On March 20 the Mesa City Council approved a resolution laying the groundwork for FujiFilm Electronic Materials U.S.A. Inc. to enter into a development agreement with the city manager to expand its current facility, west of Mountain road and north of Pecos road, 20 acres to the west over to Signal Butte Road.
“That is pretty awesome isn’t it,” Mesa Councilman Kevin Thompson said. “It just adds to that venue of having these organizations that we become their only North American operation and I think that is something Mesa can be proud of.”
City spokesman Steven Wright said Fujifilm will determine the timeline and the estimated cost of the project.
Fujifilm declined to comment on the expansion process.
The rezoning request covers approximately 50.12 acres and also includes the existing facility. Last year, Fujifilm expanded 5.82 acres to the north of its current facility and the rezoning includes that.
Mesa Planning Director John Wesley said the project will encompass two phases.
“The first phase, which is basically the south half of the western expansion will be used mostly for storage of isotainers (where Fujifilm stores their chemicals), you’ve also got tanks on that side that are part of processing,” Mr. Wesley said. “The second phase concludes the north half of the new property and it shows three buildings, two office buildings and a warehouse.”

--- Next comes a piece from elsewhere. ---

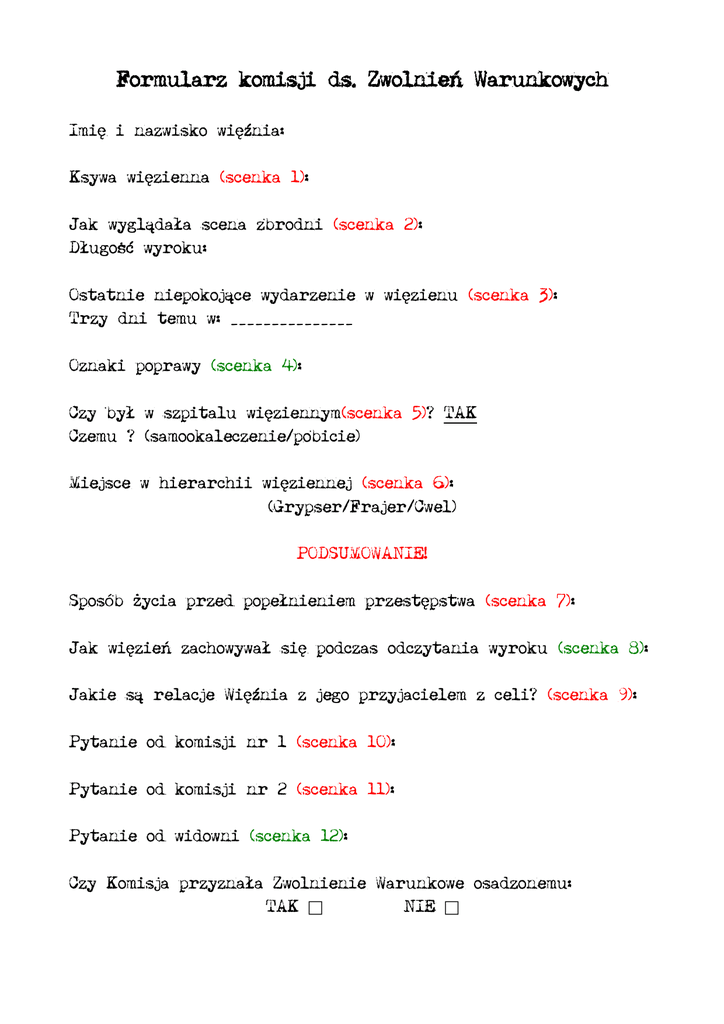Formularz komisji ds. Zwolnień Warunkowych Imię i nazwisko więźnia: Ksywa więzienna (scenka 1): Jak wyglądała scena zbrodni (scenka 2): Długość wyroku: Ostatnie niepokojące wydarzenie w więzienu (scenka 3): Trzy dni temu w: _______________ Oznaki poprawy (scenka 4): Czy był w szpitalu więziennym(scenka 5)? TAK Czemu ? (samookaleczenie/pobicie) Miejsce w hierarchii więziennej (scenka 6): (Grypser/Frajer/Cwel) PODSUMOWANIE! Sposób życia przed popełnieniem przestępstwa (scenka 7): Jak więzień zachowywał się podczas odczytania wyroku (scenka 8): Jakie są relacje Więźnia z jego przyjacielem z celi? (scenka 9): Pytanie od komisji nr 1 (scenka 10): Pytanie od komisji nr 2 (scenka 11): Pytanie od widowni (scenka 12): Czy Komisja przyznała Zwolnienie Warunkowe osadzonemu: TAK c NIE c Formularz komisji ds. Zwolnień Warunkowych Imię i nazwisko więźnia: Ksywa więzienna (scenka 1): Jak wyglądała scena zbrodni (scenka 2): Długość wyroku: Ostatnie niepokojące wydarzenie w więzienu (scenka 3): Trzy dni temu w: _______________ Oznaki poprawy (scenka 4): Czy był w szpitalu więziennym(scenka 5)? TAK Czemu ? (samookaleczenie/pobicie) Miejsce w hierarchii więziennej (scenka 6): (Grypser/Frajer/Cwel) PODSUMOWANIE! Sposób życia przed popełnieniem przestępstwa (scenka 7): Jak więzień zachowywał się podczas odczytania wyroku (scenka 8): Jakie są relacje Więźnia z jego przyjacielem z celi? (scenka 9): Pytanie od komisji nr 1 (scenka 10): Pytanie od komisji nr 2 (scenka 11): Pytanie od widowni (scenka 12): Czy Komisja przyznała Zwolnienie Warunkowe osadzonemu: TAK c NIE c Formularz komisji ds. Zwolnień Warunkowych Imię i nazwisko więźnia: Ksywa więzienna (scenka 1): Jak wyglądała scena zbrodni (scenka 2): Długość wyroku: Ostatnie niepokojące wydarzenie w więzienu (scenka 3): Trzy dni temu w: _______________ Oznaki poprawy (scenka 4): Czy był w szpitalu więziennym(scenka 5)? TAK Czemu ? (samookaleczenie/pobicie) Miejsce w hierarchii więziennej (scenka 6): (Grypser/Frajer/Cwel) PODSUMOWANIE! Sposób życia przed popełnieniem przestępstwa (scenka 7): Jak więzień zachowywał się podczas odczytania wyroku (scenka 8): Jakie są relacje Więźnia z jego przyjacielem z celi? (scenka 9): Pytanie od komisji nr 1 (scenka 10): Pytanie od komisji nr 2 (scenka 11): Pytanie od widowni (scenka 12): Czy Komisja przyznała Zwolnienie Warunkowe osadzonemu: TAK c NIE c Członek komisji ds. zwolnień warunkowych Masz przed sobą jedną z najgorszych kanalii jakie mogą żyć na tym świecie – przestępcę, zbrodniarza, bandytę. Nie wypuścisz go z pierdla, chyba że po twoim trupie! Tacy jak on powinni skończyć na krześle nie na wolności! Przedłuż mu wyrok! Członek komisji ds. zwolnień warunkowych Masz przed sobą jedną z najgorszych kanalii jakie mogą żyć na tym świecie – przestępcę, zbrodniarza, bandytę. Nie wypuścisz go z pierdla, chyba że po twoim trupie! Tacy jak on powinni skończyć na krześle nie na wolności! Przedłuż mu wyrok! Członek komisji ds. zwolnień warunkowych Masz przed sobą Więźnia, który zasługuje na współczucie. Mimo że jest to pospolity przestępca, zbrodniarz i bandyta chcesz mu pomóc. Uważasz, że już swoje wysiedział i może już wyjść na wolność. Skróć mu wyrok! Więzień ? Przyjaciel Więźnia Jesteś przyjacielem Więźnia. Znacie się z jednej celi. Trzymasz zawsze jego stronę. Już nie raz on uratował ci skórę, tak samo ty jemu. Jesteście sobie wierni!
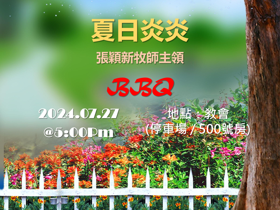 七月的團契聚會正值盛夏,我們將在聚會前舉辦一次令人期待的BBQ活動。這是一個難得的機會,讓我們在享受美味佳餚的同時,也能有更多時間彼此交流和認識新朋友。

Mr. Wesley said that once Fujifilm applies for building permits, a value estimate of the project should get determined.
The company manufactures chemicals for the semiconductor industry. It opened its Mesa facility in 1995, one of only two locations in North America. Fujifilm, along with Apple, Bridgestone Research and TRW Vehicle Safety Systems help make up the city’s Elliot Road Technology Corridor.
Councilman Ryan Winkle of District 5 said Fujifilm’s desire to expand is further proof of Mesa’s business-friendly environment.
“Mesa is a perfect place for tech, med and bio sectors to locate,” Councilman Winkle said of technology, medical and biotech sectors. “Access to freeways, an educated workforce and an innovative environment has led to an increase in the teach market. There is a need for Fuji’s product. This is great news for our citizens because any expansion will bring with it jobs.”
Councilman Thompson said this resolution will spur economic growth and create jobs in Mesa. He said Fujifilm has a new product line that Intel and other members of the microchip and semiconductor industries want.
He said the first and second phases of the project will employ an estimated 100 people. The councilman was told jobs associated with the construction aspect of the project are more than likely temporary, but once the expansion is complete, he said Fuji will likely hire full-time chemical engineers to run the operation.
“You’re looking at chemical-engineering folks, so those are going to be the high-wage jobs; the $75,000- to $90,000-a-year-type jobs,” he said.
Councilman Thompson said he hopes Fujifilm’s expansion and the jobs created as a result will help trigger the top-down economic development he said the city is looking for.
“As you see the economy come up and as people start making more money, they obviously will have some expendable income,” he said. “People will be able to buy more items and they can afford to go out to eat lunch and eat dinner more often.”
A part of the expansion property is adjacent to the east side of the Signal Butte alignment, north of Pecos and Williams Field roads, according to city council documents. As part of the agreement, Fujifilm has agreed to dedicate the Signal Butte right of way, but it is not responsible for construction. At the time of the agreement, a right of way did not exist.
Councilman Thompson said the right of way portion of the agreement was necessary so development plans don’t conflict with the Arizona Department of Transportation’s right of way plans.
“Because of the SR 24 (Arizona State Route 24) and the fact that the plant will butt right up to what will be the ADOT right of way, so for 24, they will have the turn off for Signal Butte. Part of that was trying to get that Signal Butte alignment piece and the ADOT piece worked out, and I think they have done a pretty good job of closing all the holes and plugging all the gaps,” he said.
Joe Jacquez is a journalism student at the Arizona State University Walter Cronkite School of Journalism and wrote the article as a class assignment.